First, start with a couple of bankers; a couple of lines almost certain to get at least a giggle. This calms everyone down, reassures the audience that they are not going to have to worry about you, and then you can drift off into the more bizarre and log winded stories.

Second, even if inside you are shaking like a new and over enthusiastic belly dancer, make sure you exude confidence and calmness. Otherwise your audience will sense your fear. Like animals, they can smell it.

Thirdly, mock the place you are in, or better still, the place nearby that they will all mock. Doesn’t need to be funny; does need to be geographically accurate.

But last week was different. Bridgwater’s Got Talent. A talent contest which I’d been invited to enter. The only comic on the bill, I was surrounded by ludicrously talented young people. I was, literally (and I am using literally literally here) more than twice the age of anyone else on stage. Including the compere.

And being a family gig I couldn’t use my tried and tested material about bodily fluids and the negative consequences of maleness. I also could not swear. To add to the challenge I was on at 745 in the evening with an audience that wasn’t really drinking.

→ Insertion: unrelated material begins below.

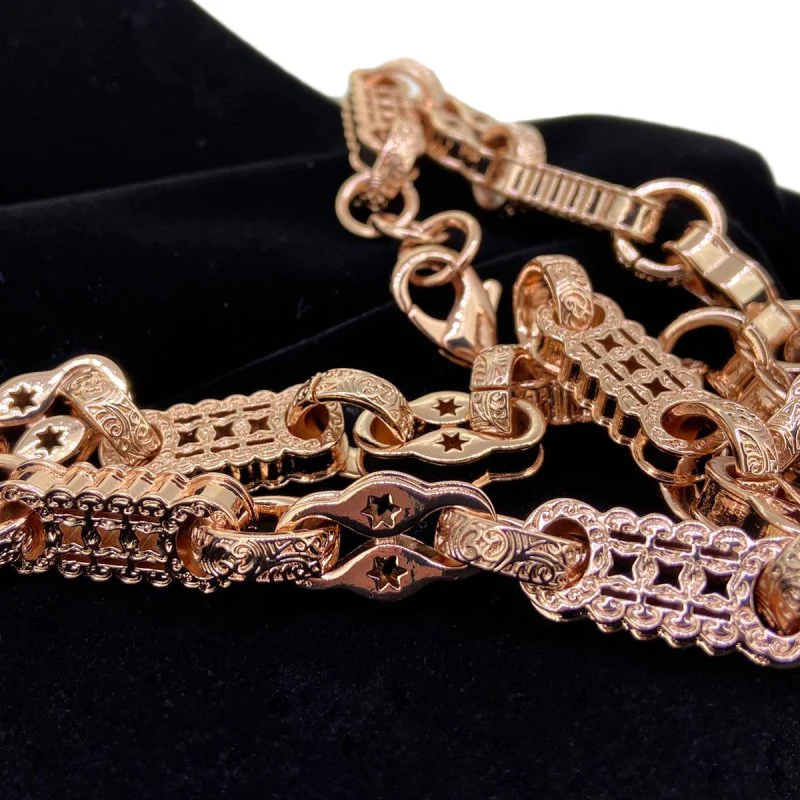 Embrace bold luxury with this intricately designed 12mm chunky stars and bars necklace in premium rose gold. The highly detailed links feature a unique engraved pattern, giving the piece a vintage yet modern appeal. Ideal for those who love to make a statement, this necklace offers both sophistication and durability, perfect for special occasions or everyday glamour.

So judge for yourselves, but given the circumstances I was grateful for the polite laughter and not disappointed that I didn’t get the much sought after wave after wave of laughter as one gag segues beautifully into the next and the crescendo of guffaws gradually hits a high point at exactly the right moment. The nirvana for comics; the moment that banishes the self doubt for at least half an hour, or until the valium and vodka kicks in

So thank you Bridgwater; a fun evening and good lesson for me. But I doubt you’ll be devastated to hear that I probably won’t be back! Or if I do return, it’ll be as a belly dancer.